Ayogo’s UI Intern Camila Serrano tells why she chose Adriana Ocampo:
“I remember the day that the beautiful picture of Pluto was shown to the world not only because the image was stunning, but also because the Horizons Mission was lead by a latin woman.”
Irene Au, Human Computer Interaction Designer
Irene Au created her own program of study in human-computer interaction. She built exceptional design teams for Google and Yahoo before joining Khosla Ventures as an Operating Partner.
Stacey Hagel, an artist and UX designer explains why Irene Au is an influence on her work:
“Irene’s passion was to build technology inspired by people’s needs directed at solving real problems. She went on to be among the first designers with such a background in the consumer Internet space and began her career as an interaction designer. AND she teaches yoga!!!”
Roberta Bondar, Astronaut Neurologist
Canada’s first female astronaut and the world’s first astronaut-neurologist. Roberta Bondar has received many honours including the Order of Canada, the Order of Ontario, the NASA Space Medal, over 22 honorary degrees, and induction into the Canadian Medical Hall of Fame. After her astronaut career she spent the next decade leading an international research team at NASA studying the effects on astronauts of spaceflight and re-adaptation back to Earth’s gravity
Nicole Moisey, Ayogo’s Employee Experience Manager admires Dr. Bondar:
“Growing up, Dr. Bondar was my hero and inspired me to go after my dreams. If she could reach her dreams then so could I!”
Ginni Rometty, CEO IBM
Ginni Rometty CEO IBM. An early compsci graduate in the 70’s, Rometty joined IBM as a systems engineer.

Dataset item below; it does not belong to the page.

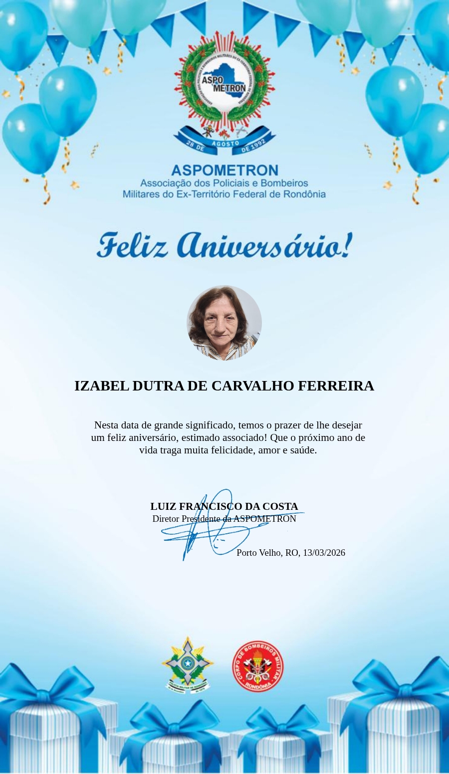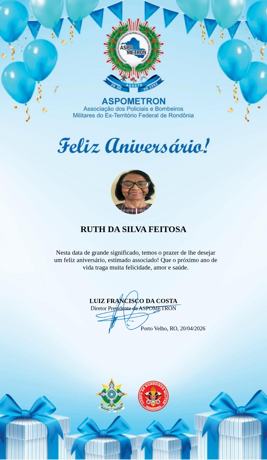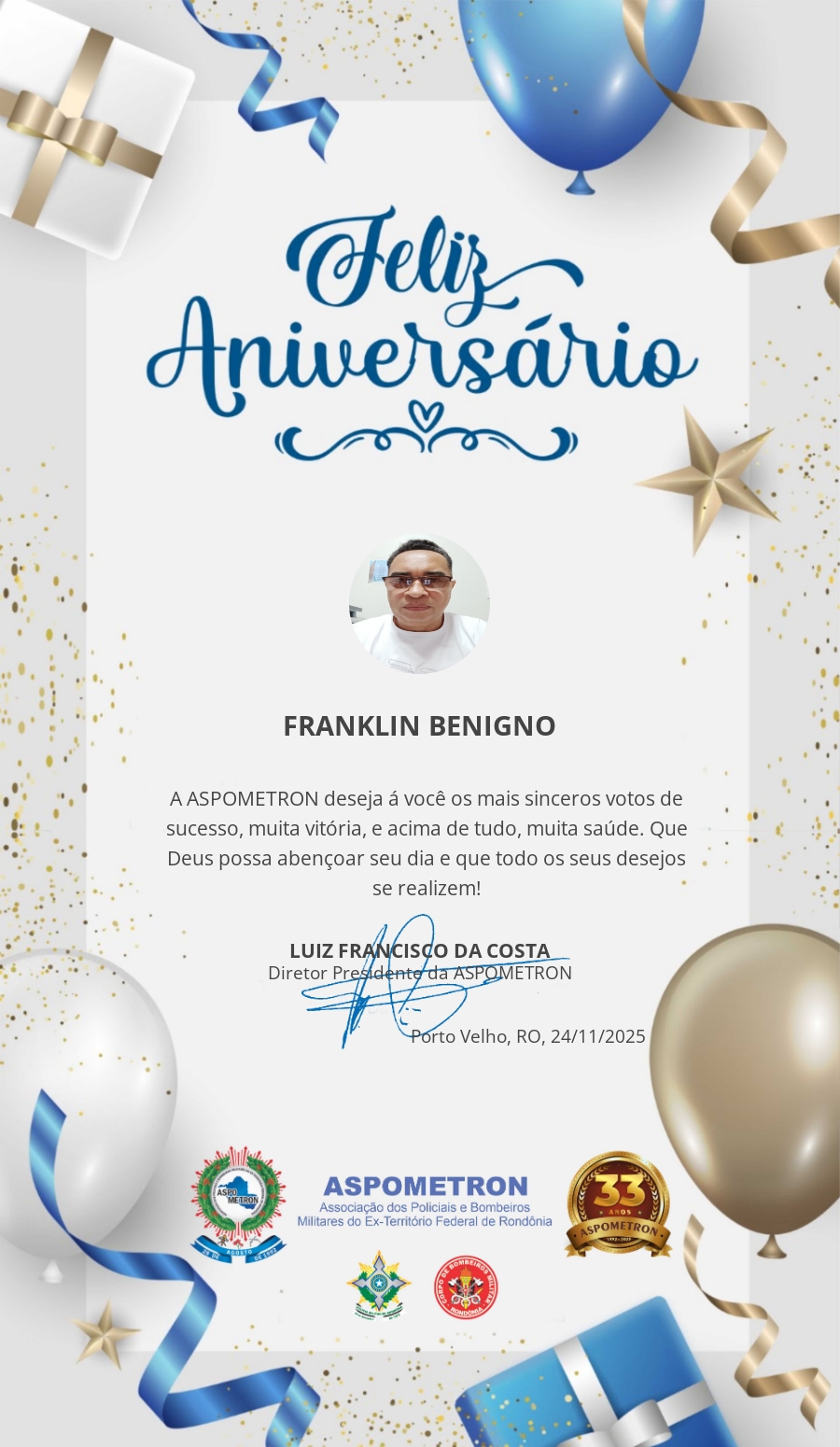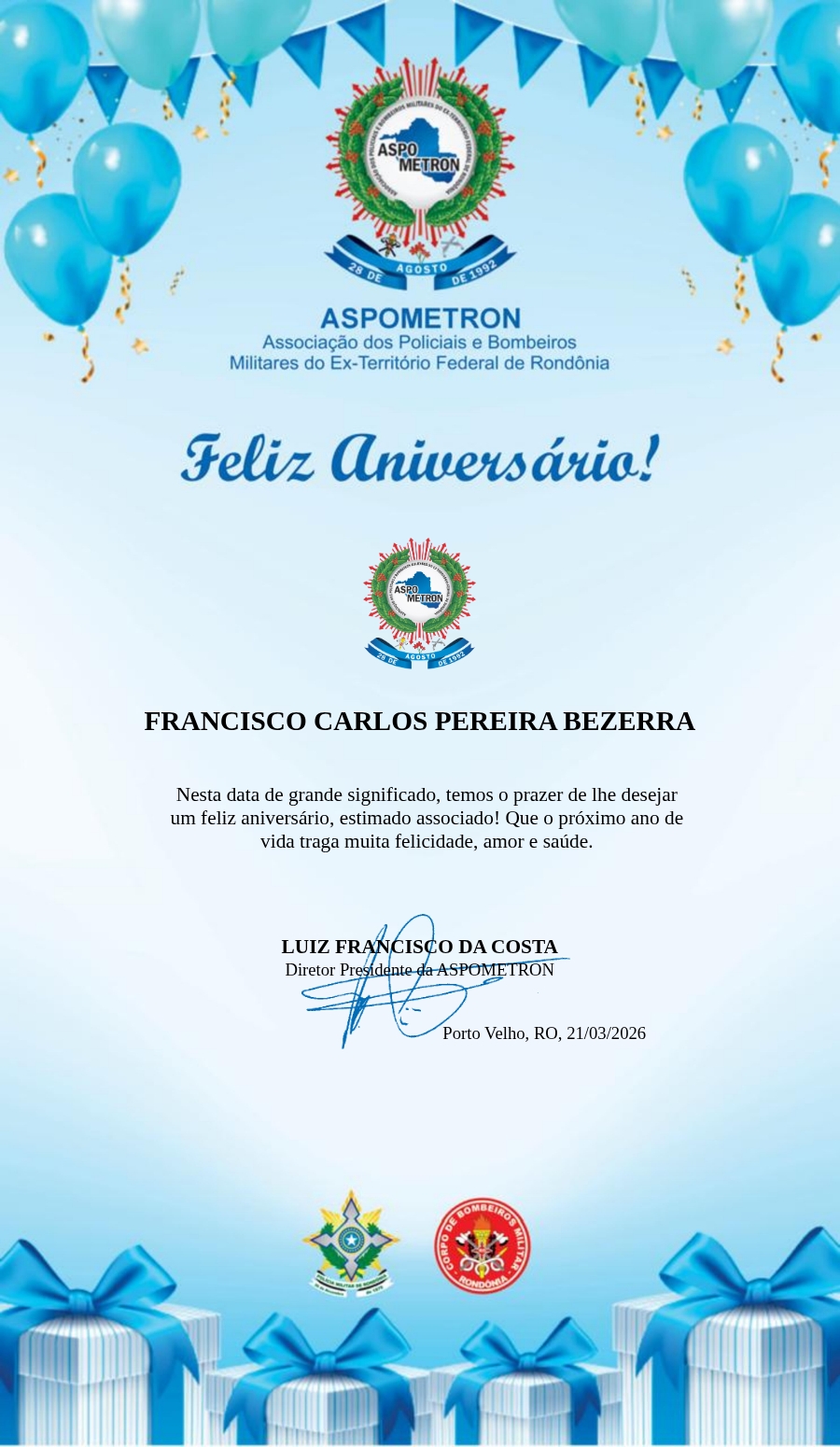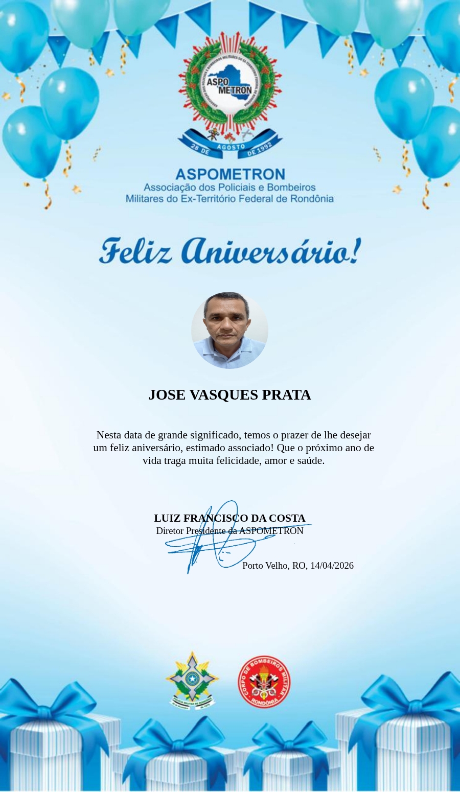 A ASPOMETRON lhe saúda pela passagem de mais um aniversário e deseja muito sucesso, saúde e alegrias! PARABÉNS Guerreiros(as)!

When she became SVP Marketing & Strategy in 2009, she led IBM into cloud computing, analytics, and the commercialisation of IBM Watson. She has been IBM’s CEO since 2012.
Janice Fairley who handles Ayogo’s business development on Ginni:
“Rometty has incredible marketing savvy. She put IBM Watson on Jeopardy! She gets the big calls right. Her next call: Cognitive technology as a business model.”
Barbara McClintock, Geneticist
Barbara McClintock is the only woman to have received, by herself, a Nobel Prize for Medicine. She won the Nobel in 1983 for work that began with her discovery 40 years earlier, that genetic material is not fixed but instead is fluid. James Watson credited her genetic insights as part of his discovery of DNA. In her biography, A Feeling for the Organism, she connected new scientific and feminist perspectives. Her students adopted her mindset that science is open ended and unresolved. Dr. McClintock felt it was important to put in the caveat “this is what we know” in scientific assertions, implicitly reminding us that so much is not yet known.
Mavis Dixon, Ayogo’s Manager Projects and Engagement on why she thought of Dr. McClintock:
“She comes to mind when I read the latest research on inspiration and creativity. She was cool because she kept distractions out of her life. She mused on things she knew deeply and made unusual connections. In her case, between physics and biology. I read her biography a while ago and it stayed with me.”
Women in STEM at Ayogo
Ayogo strives for gender parity and a culture of mutual inspiration and inclusion. We are mathematicians, product designers, coders, and inventors, designers, accountants and engagement specialists—and women.
This blog celebrating historic Women in STEM was written with a nod to International Women’s Day, Women in History Month, and #STEMinism are all inspiration for this post.